Government estimates the lottery, in its current form and later supplemented by a scratch card game, will raise R50bn over seven years. Of that, half will be spent on prize money, 30% will go to good causes and 20% to overheads and profit.

In the profit stakes, lottery operator Uthingo Management (Pty) Ltd is half-held by private shareholders, 30% ``industry shareholders'' (such as Tattersalls) and 20% by the State.

Given the exclusiveness of the business thanks to legislation, and regulatory powers granted to Trade & Industry Minister Alec Erwin through the Lotteries Act, its position is secure from competition.

This will be detrimental to competitors (such as scratch card operators outside of the Uthingo charmed circle), consumer choice, worthy causes that rely on competitions to raise funds and the marketing industry.

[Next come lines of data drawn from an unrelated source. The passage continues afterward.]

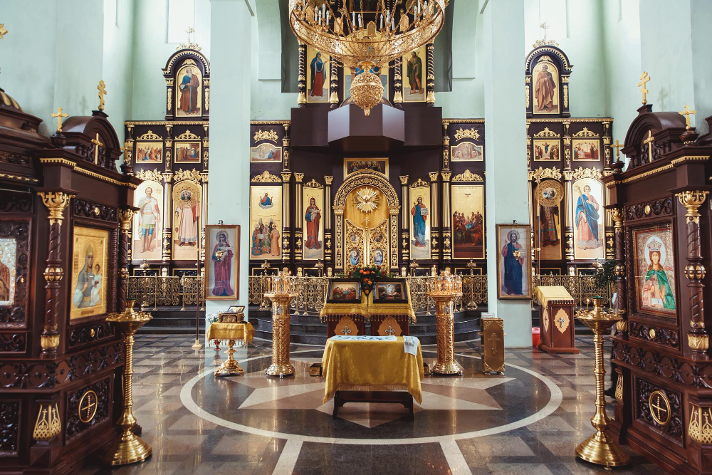 教堂内部圣堂是教堂的主体部分,用一张被称为圣像屏风(圣像壁)的带有通道的圣像屏帏与至圣所(圣坛)隔离开来。圣所的围墙上都装饰有圣像和壁画,很多的前面都挂有点着了的灯(灯台)。东正教教堂尤其值得注意的是在传统的东正教教堂里没有一张教堂内的靠背长凳。教堂里的教父认为在进行着神圣的仪式时坐着是失礼的(除了在某些特殊的场合如教育和唱圣歌),而且空地更有利于更多信徒们做象征性的东正教礼拜的鞠躬和叩拜动作。在教堂的最东端是圣坛(或至圣所),分两个房间-圣器收藏室和小礼拜室在圣坛的两边,这两个房间用圣像屏风与圣坛隔开来。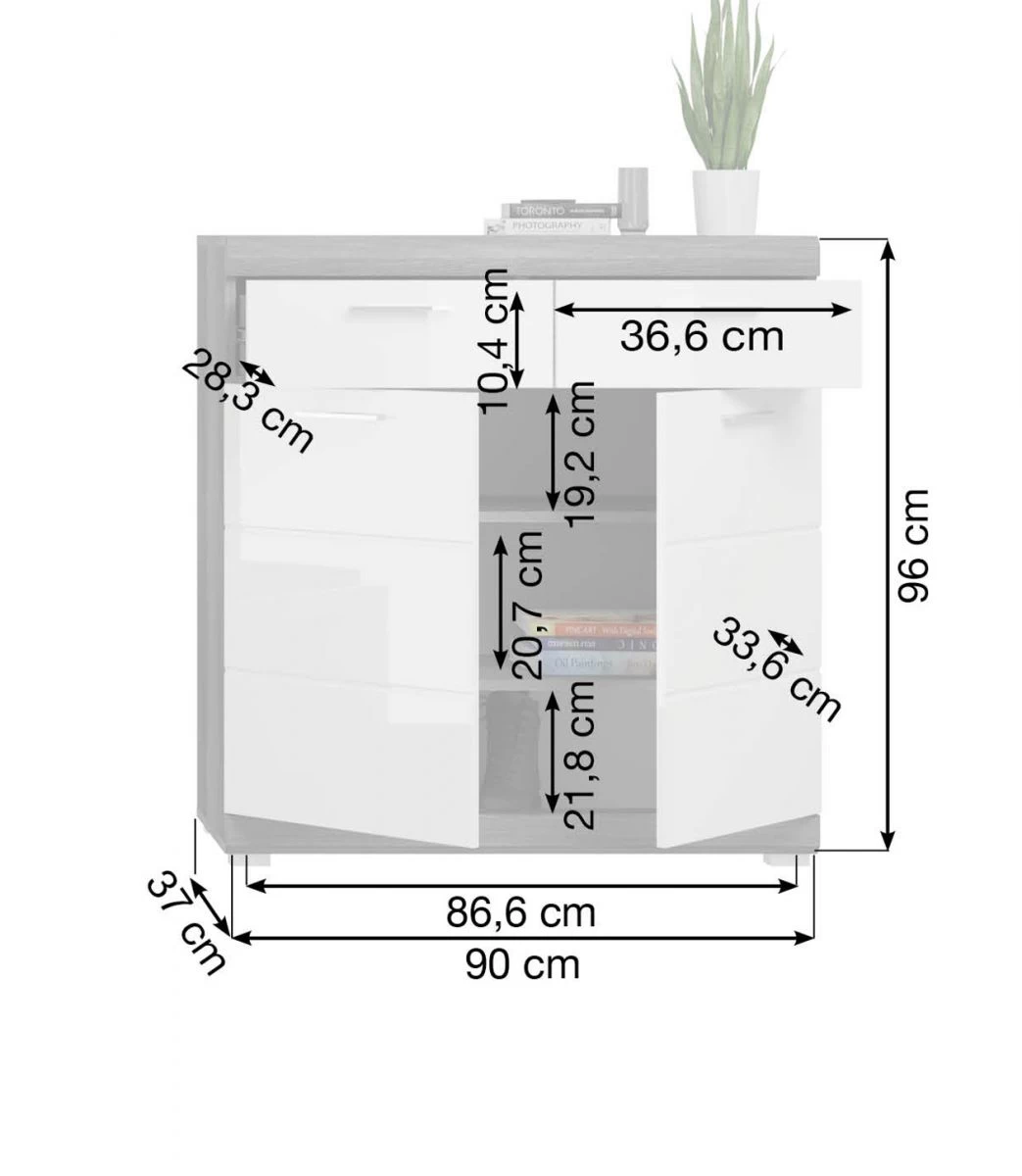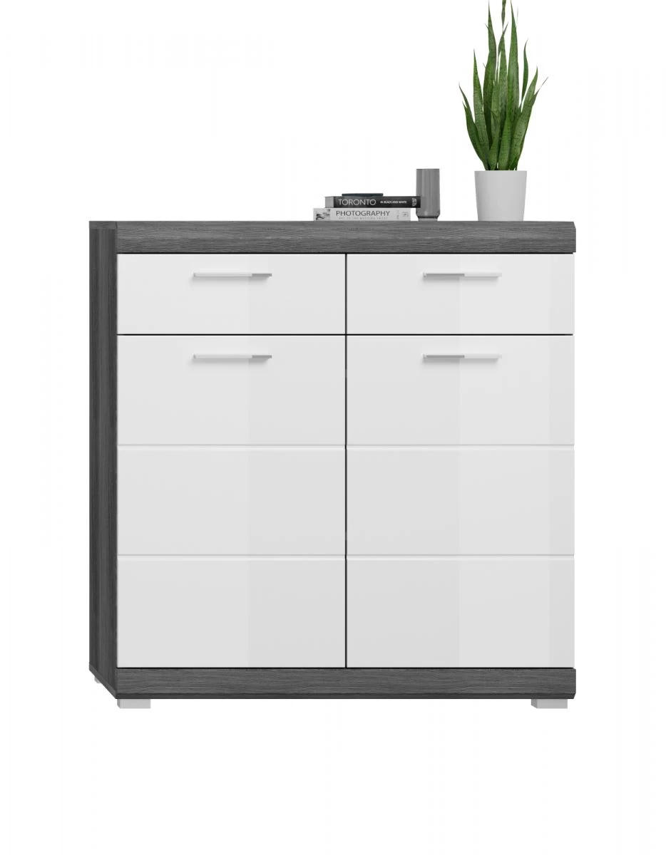 Dieser Schuhschrank schafft schnurstracks Ordnung und eine wohnliche Stimmung in jedem Flur. Das Modell „Scout“ in weiß Hochglanz und Rauchsilber grau (90 x 96 cm) eignet sich optimal für Ihre Diele. Der Schrank ist mit zwei Türen versehen, hinter welchen sich Ihnen Stauraum zum Unterbringen Ihrer Schuhe bietet, und überzeugt mit zwei Schubkästen für Handschuhe, Schals und Mützen. Er stellt zwei Einlegeböden zur Verfügung. Das Modell „Scout“ zeichnet sich durch seine unempfindliche sowie strapazierfähige Beschaffenheit aus. Das verwendete Holz ist mit dem FSC®-Label für nachhaltige Forstwirtschaft ausgezeichnet. Das Flurmöbel in hochglänzendem Weiß und Rauchsilber Grau kann auch optisch durch sein elegantes, zeitloses Design überzeugen. Es glänzt mit vier dekorativen chromfarbenen Griffleisten. Der Schuhschrank „Scout“ hat eine Breite von 90 cm, eine Gesamthöhe von 96 cm sowie eine Tiefe von 37 cm. Mit dieser Schuhkommode von Xonox schaffen Sie zusätzlichen Stauraum in Ihrem Eingangsbereich.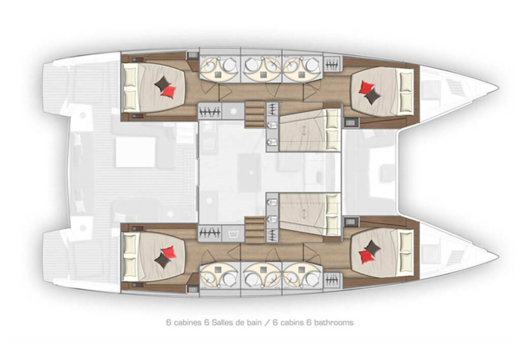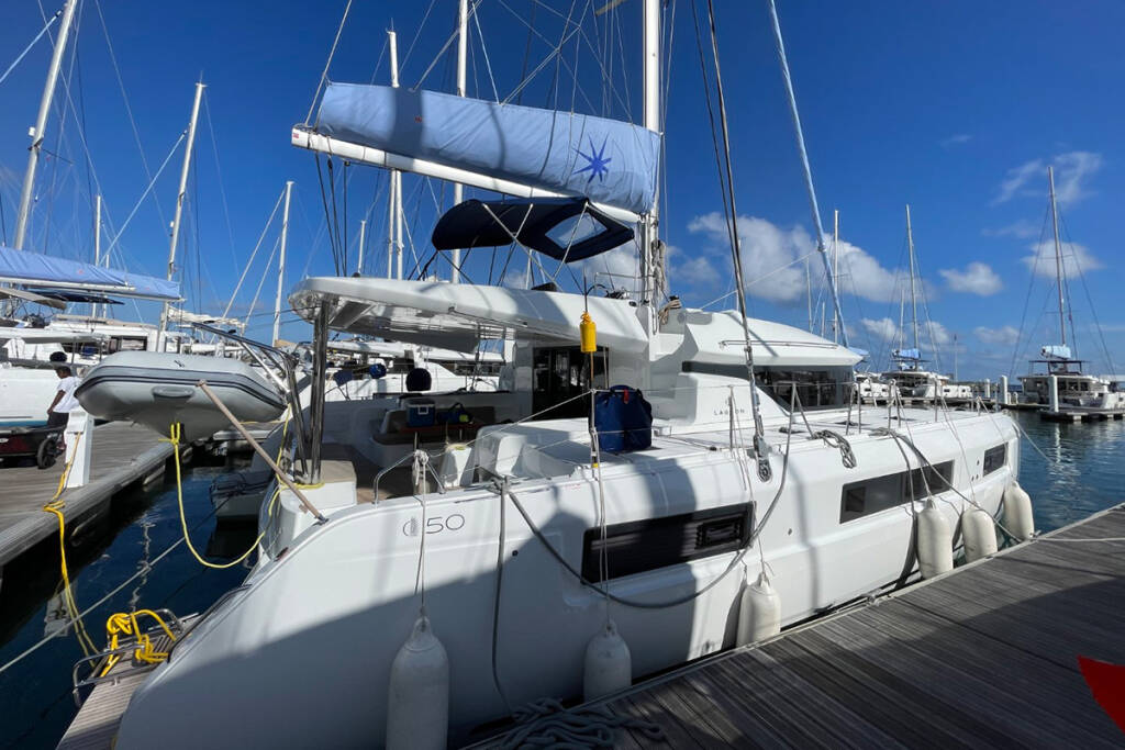 This yacht Lagoon 50 (Catamaran - year 2023) lies in the BVI, Tortola, Nanny Cay Marina, British Virgin Islands, British Virgin Islands. It has 6 + 2 cabins, accommodate 12 people and has 6 toilets.

Uthingo's local shareholders hold 80% of its board seats. In the logic of ``empowerment'', the lucky ones are the:

Black Management Forum;

Disability Employment Concerns Trust;

Motswedi Technology Group;

Nafcoc Investment Holdings;

Numsa Investment Holdings; and

A women's entrepreneurship group.

Uthingo intends to apply a strong affirmative action policy within the organisation and in choosing suppliers -- who will have to achieve ``employment equity within a reasonable period'' to keep the business.

Expatriates working on the lottery will have to train their local replacements and then leave. Uthingo will also ``identify opportunities for State organisations'' to provide services. It says it aims to ``do well while doing good''. So much for the winners.

The obvious losers are:

Gaming establishments closed to give Uthingo its monopoly;

Provincial lotteries (such as the now closed Lotto KZN);

Charities that rely on gaming for income (Child Welfare loses R1, 3m it received from Ithuba and Viva! cards); and

Others who use competitions to promote either causes or products.

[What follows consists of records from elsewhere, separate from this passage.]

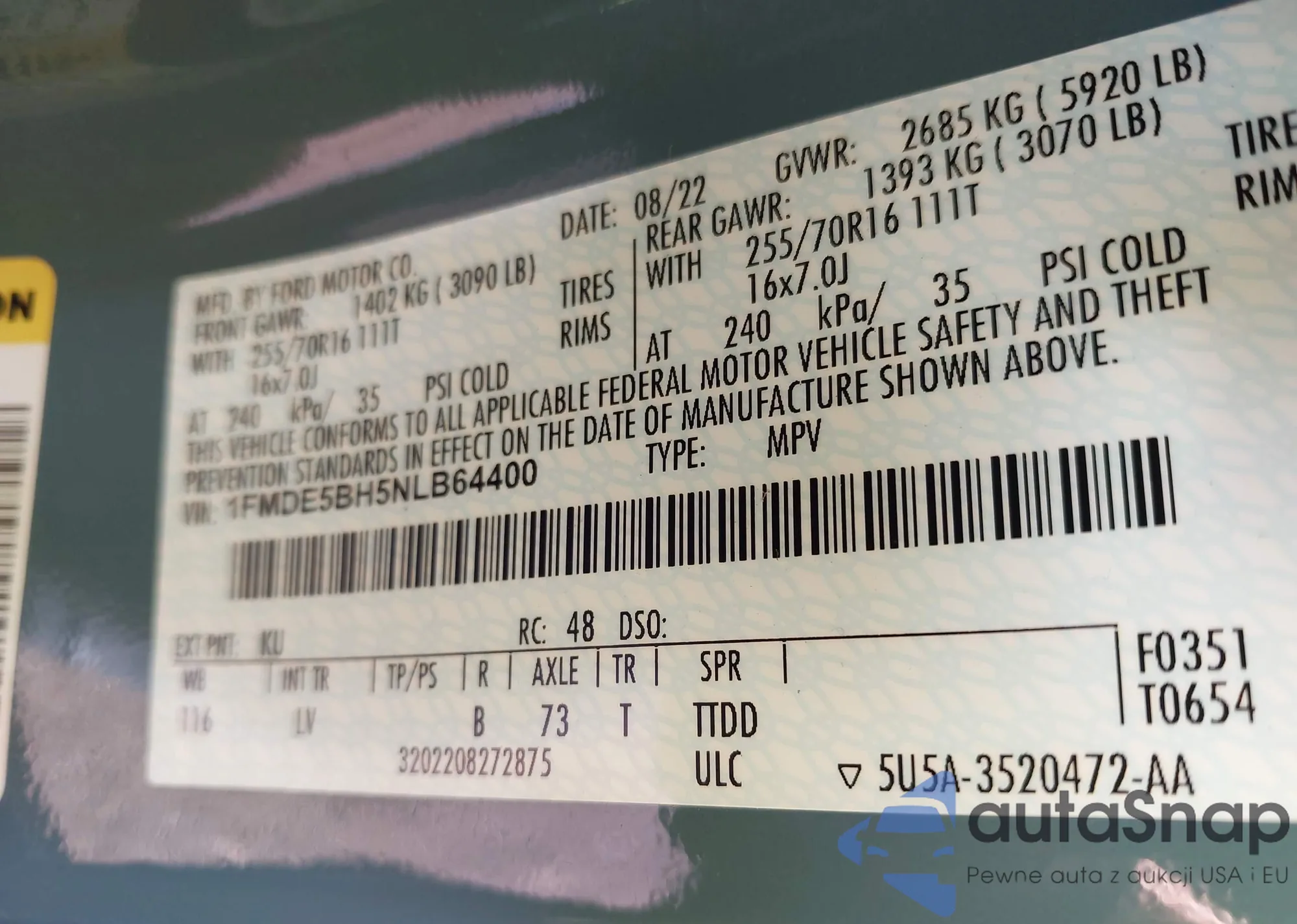VIN: 1FMDE5BH5NLB64400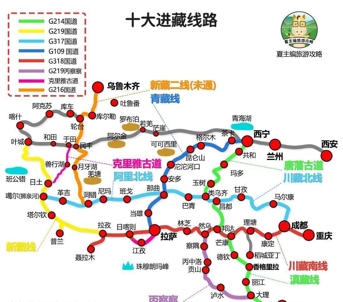 下面这一幅进藏旅途图,概括了从四川、青海、新疆、云南到西藏的所有自驾线路。这些令人魂牵梦萦的国道风光,不知道是多少旅客的自驾梦想。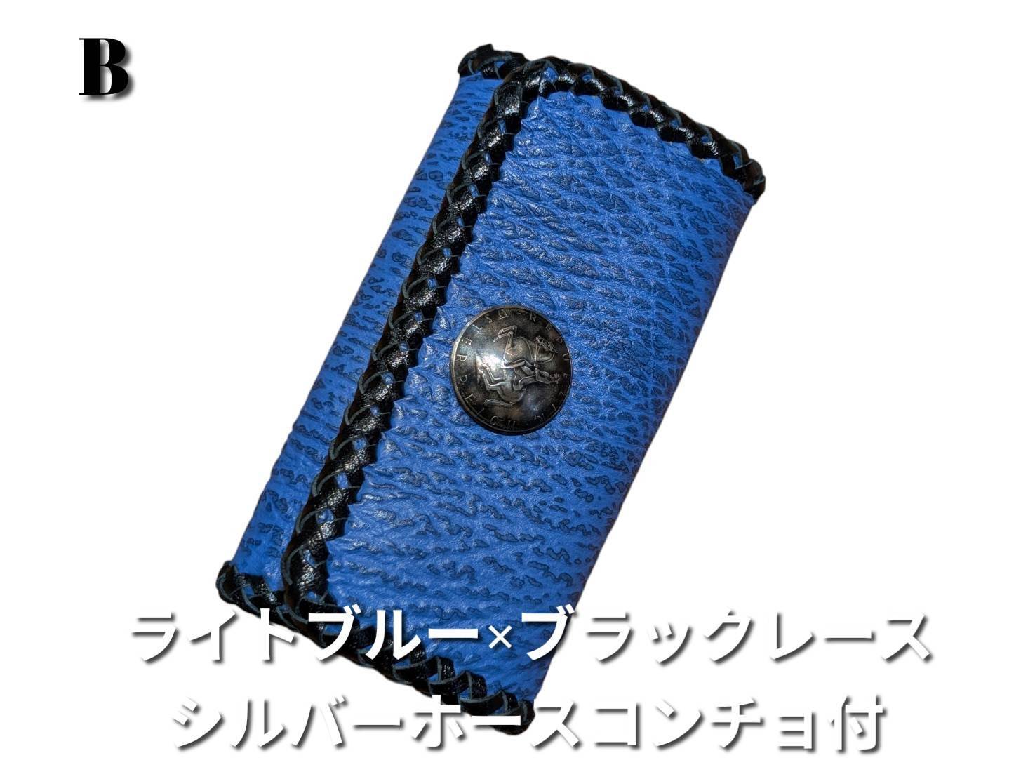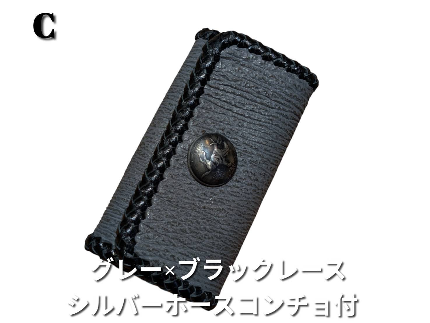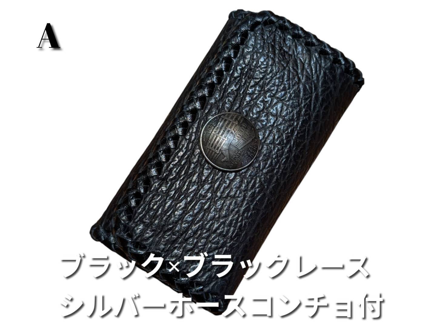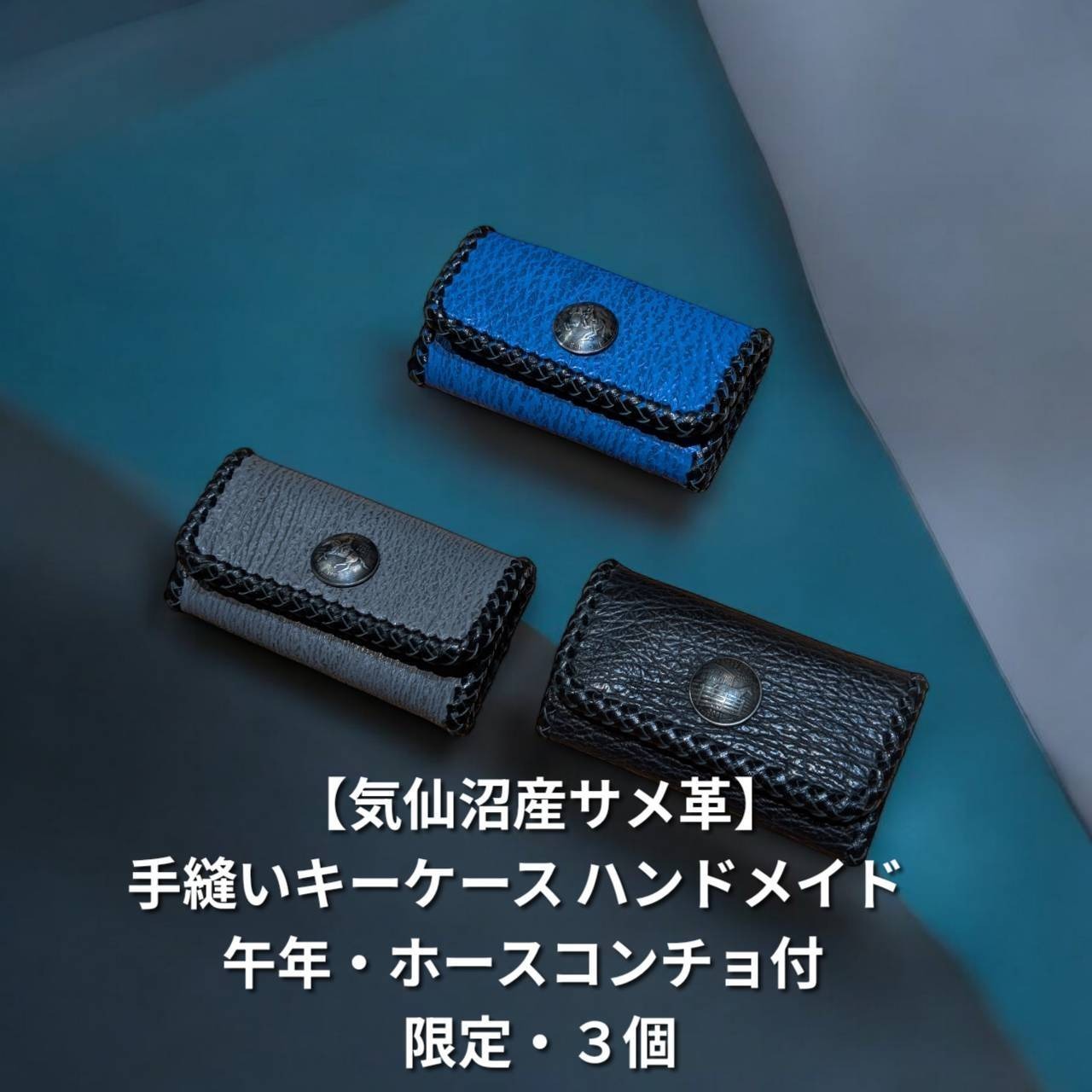 【気仙沼産サメ革】 手縫いキーケース ハンドメイド/午年・ホースコンチョ付 限定3個

Thus the Direct Marketing Association and the Association of Marketers have protested against regulatory power that will allow the ending of marketing competitions by ministerial fiat.

To protect Uthingo, things like in-store promotions and customer loyalty programmes fall into legal limbo. Raffles may not charge more than R10 for participation, nor offer prizes above R2000. No company may offer a prize exceeding R100000 in a year, getting rid of things like competitions for some motor cars.

The US Congress has established a National Gambling Impact Study to look at the regulation and social effects of lotteries. But Washington's Cato Institute argues that they shouldn't fall under State regulation. Cato says the study ``should fully expose gambling to the rigours of the market, beginning with the lotteries. It is time for states to relinquish their monopolies''.

Then there is the little matter of who wins the lottery's largesse. Uthingo has, to date, not identified the beneficiaries among non-profit organisations, though these must fall within the nebulous ambits of the RDP, charities, sport and arts, and national heritage categories. And then there is a ``miscellaneous'' category.

There is clearly a danger that, without stricter definition, political favouritism could play a role in deciding who benefit. Even fashion could sway things -- thus Britain's Camelot lottery spent £ 4700 to train a lesbian circus act and gave £2bn to an organisation commemorating the millennium.

Here, says the DP's Nigel Bruce, ``there are dangers of cronyism and corruption, with only charities that are ANC favourites benefiting''.

Government said this week that one reason for not yet identifying beneficiaries was that directors-general of various State departments had not had the chance to meet and discuss the matter.